16§ La souffrance s’entend ici au sens de patience : j’endure parce que je sais que quelque chose de bon va sortir de cette situation douloureuse, qui de fait est difficile à supporter.

17§ Ainsi des parents qui souffrent des propos et des attitudes injustes de leurs enfants en pleine crise d’adolescence. Ils savent bien qu’il ne sert à rien d’essayer de faire sortir leur gamin de sa bulle de revendications et de critiques négatives : il est en train de sortir de l’enfance et il ne comprend pas ce qui lui arrive, il en souffre alors il fait ses dents sur les figures d’autorité. Les parents endurent cette période pénible parce qu’ils savent que ce gamin insupportable peut devenir un homme ou une femme de bien.

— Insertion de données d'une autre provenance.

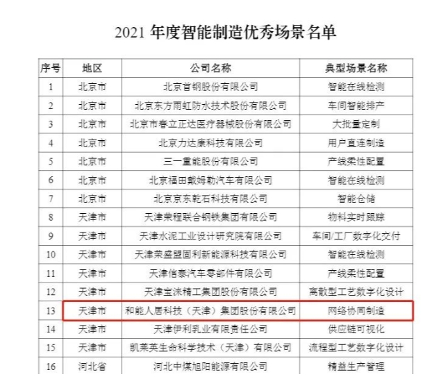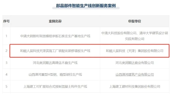 和能人居科技于2018年啟動天津濱海制造工廠數字化、智能化改造,目前天津濱海智能制造產線,是全球領先的全屋部品體系智能制造工廠。濱海智能制造工廠創新采用了實體工廠與數字工廠雙工廠運營模式,通過云計算等創新技術實現了信息化和工業化深度融合使得和能全國工廠能協同運作,打造出國內首個裝配式裝修工業互聯網。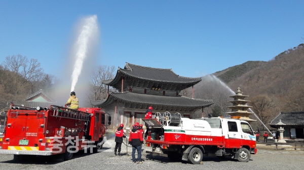보물 제356호인 ‘무량사 극락전’에서 부여군, 부여소방서, 외산면의용소방대, 사찰관계자, 문화재안전경비원 등 50여명이 참석한 가운데 소방훈련 및 교육이 진행됐다.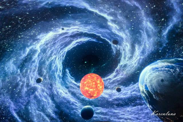 在海昌海洋公园里,这个国内唯一的360度全息海洋主题的球幕影院每天都会上演很多次的《时空之海》。以宇宙的时间轴为主线,开启了宇宙与生命漫长的演变过程,向游客们讲述了地球百万年来历经的沧桑与美好。而影片里经常出现的无时无刻都在运行的时钟,却与公园大门喷泉后的时钟相呼应。
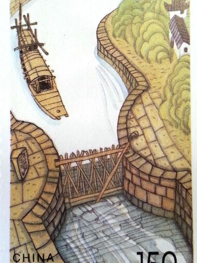 Stamp 3 shows an early Lingqu 灵渠 Magic Transport Canal lock, a type of flash lock with a temporary blockade of the canal using timber braces [ placed in masonry slots ] with reed or bamboo mats. When the diagonal timber was released, the blockade collapsed, and the surge of water carried the barge riding through and on downstream.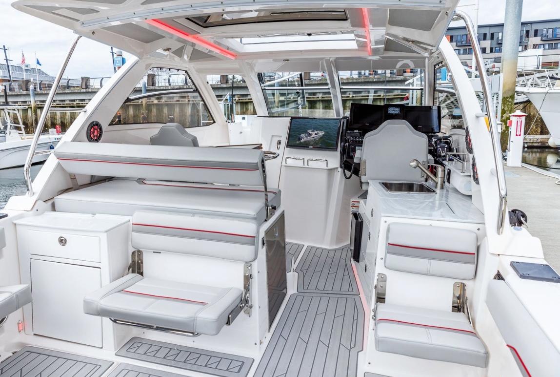 The Helm of the S-310 SC is a true command center featuring twin chartplotters, autopilot panel, and accessory switches, all within easy reach. Inlaid, red-woven carbon fiber adds a premium touch to the switch panel. A portside walkthrough allows convenient access to the spacious bow lounge. Standard bow and stern sunshades keep guests shaded on the hottest of days. Belowdecks, a climate-controlled forward stateroom and head with shower are perfect for overnighting and long stays alike.

18§ De même, je crois que le Christ pâtit sur la croix [2] parce qu’il sait que ce qu’il vit va apporter le salut au monde. Aussi ne convoque-t-il pas les anges pour le détacher de la croix, résistant ainsi à la tentation des spectateurs qui se moquent de lui en lui disant : « Descends de la croix, toi qui prétends être le favori de Dieu » [3].

19§ En disant cela, les spectateurs ne se rendent pas compte qu’ils jouent les « idiots utiles » de l’ennemi de Dieu, lui qui n’a eu de cesse de tenter Jésus : « Montre-leur que tu es vraiment le Messie, le Fils de Dieu. Prends en main ta puissance et écrase ceux qui se moquent de toi ».
Jésus résiste à cette dernière tentation, qui fait écho aux tentations du début de son ministère [4] : « Je suis effectivement tout-puissant, mais ma puissance, je la reçois de mon père et je ne l’exerce que s’il le veut ».
Jésus n’accepte pas de mettre la main sur cette puissance, il veut la recevoir de son père et la mettre uniquement au service de la volonté divine, à la différence d’Adam et Eve qui ont cédé à la tentation de mettre la main sur le fruit interdit, au lieu d’attendre que Dieu le leur donne.

20§ La Passion de Jésus fait sens par ce qu’elle a rendu possible de beau, de bon, de conforme à la volonté de Dieu : la victoire sur le mal et la mort pour toute la création, la réconciliation universelle de la création avec elle-même et avec Dieu, la communion de vie avec Dieu.


Merci de votre attention


© frère Franck Guyen, op – septembre 2025


[1Cet article fait suite aux échanges de la réunion du groupe de formation continue des Fraternités laïques dominicaines des Hauts-de-France le samedi 27 septembre 2025

[2« Pâtir », « patience », « passion » partagent la même racine latine pati

[4« Si tu es le fils de Dieu, manifeste publiquement ta puissance, saute du haut du Temple et tout le monde croira que tu es le Fils de Dieu en te voyant atterrir tout doucement » suggère Satan. Jésus refusera ce raccourci trompeur : il appartient à son Père de décider quand et comment Jésus manifestera sa toute-puissance.